**Records supplied**
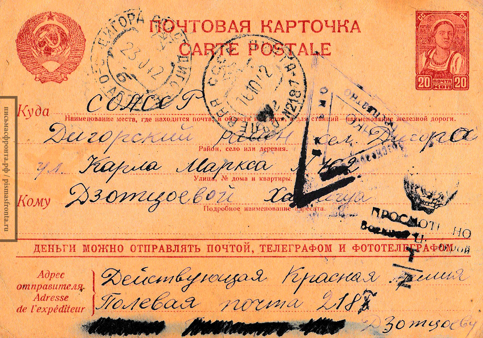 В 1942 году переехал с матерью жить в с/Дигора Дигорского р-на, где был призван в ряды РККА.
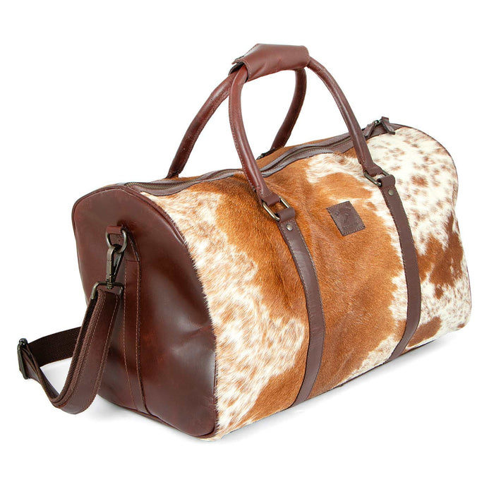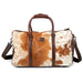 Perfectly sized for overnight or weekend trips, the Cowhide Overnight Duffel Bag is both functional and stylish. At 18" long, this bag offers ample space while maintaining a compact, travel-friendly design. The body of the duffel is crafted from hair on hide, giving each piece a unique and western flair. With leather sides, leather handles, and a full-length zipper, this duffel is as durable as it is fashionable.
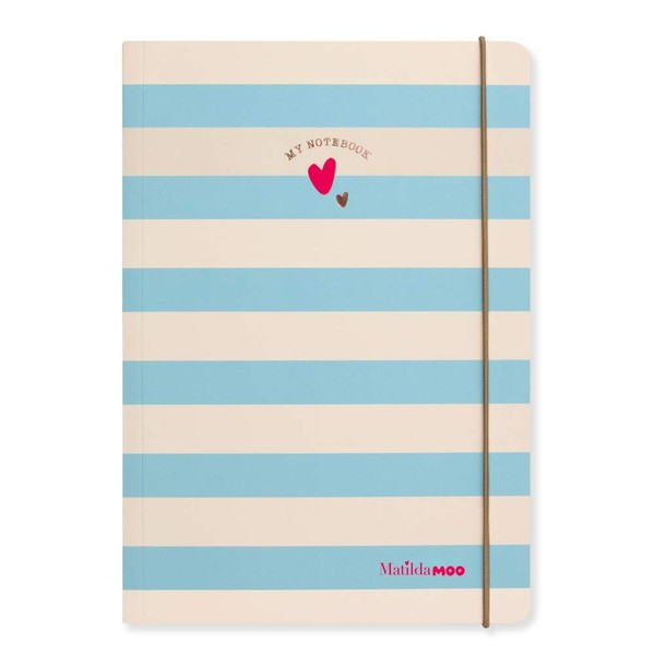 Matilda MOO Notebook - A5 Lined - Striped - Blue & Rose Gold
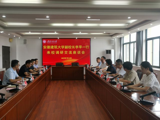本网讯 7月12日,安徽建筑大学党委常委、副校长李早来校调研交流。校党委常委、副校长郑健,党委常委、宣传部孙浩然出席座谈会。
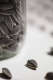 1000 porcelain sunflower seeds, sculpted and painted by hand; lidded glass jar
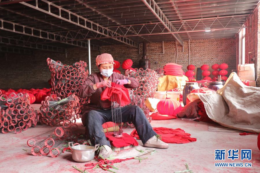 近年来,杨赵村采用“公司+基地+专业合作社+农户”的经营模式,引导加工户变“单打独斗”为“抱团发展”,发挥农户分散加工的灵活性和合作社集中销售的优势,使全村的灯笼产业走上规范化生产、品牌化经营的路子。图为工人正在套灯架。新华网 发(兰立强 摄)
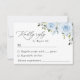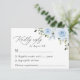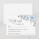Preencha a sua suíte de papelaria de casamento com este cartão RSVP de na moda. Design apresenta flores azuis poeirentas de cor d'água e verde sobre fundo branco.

**Directions for this task**
Write out exactly, with no pictures, each line from the one containing "Matilda MOO Notebook" through the last line of the listing above, both included.

**Result of the exercise**
 Matilda MOO Notebook - A5 Lined - Striped - Blue & Rose Gold
本网讯 7月12日,安徽建筑大学党委常委、副校长李早来校调研交流。校党委常委、副校长郑健,党委常委、宣传部孙浩然出席座谈会。
 1000 porcelain sunflower seeds, sculpted and painted by hand; lidded glass jar
 近年来,杨赵村采用“公司+基地+专业合作社+农户”的经营模式,引导加工户变“单打独斗”为“抱团发展”,发挥农户分散加工的灵活性和合作社集中销售的优势,使全村的灯笼产业走上规范化生产、品牌化经营的路子。图为工人正在套灯架。新华网 发(兰立强 摄)
Preencha a sua suíte de papelaria de casamento com este cartão RSVP de na moda. Design apresenta flores azuis poeirentas de cor d'água e verde sobre fundo branco.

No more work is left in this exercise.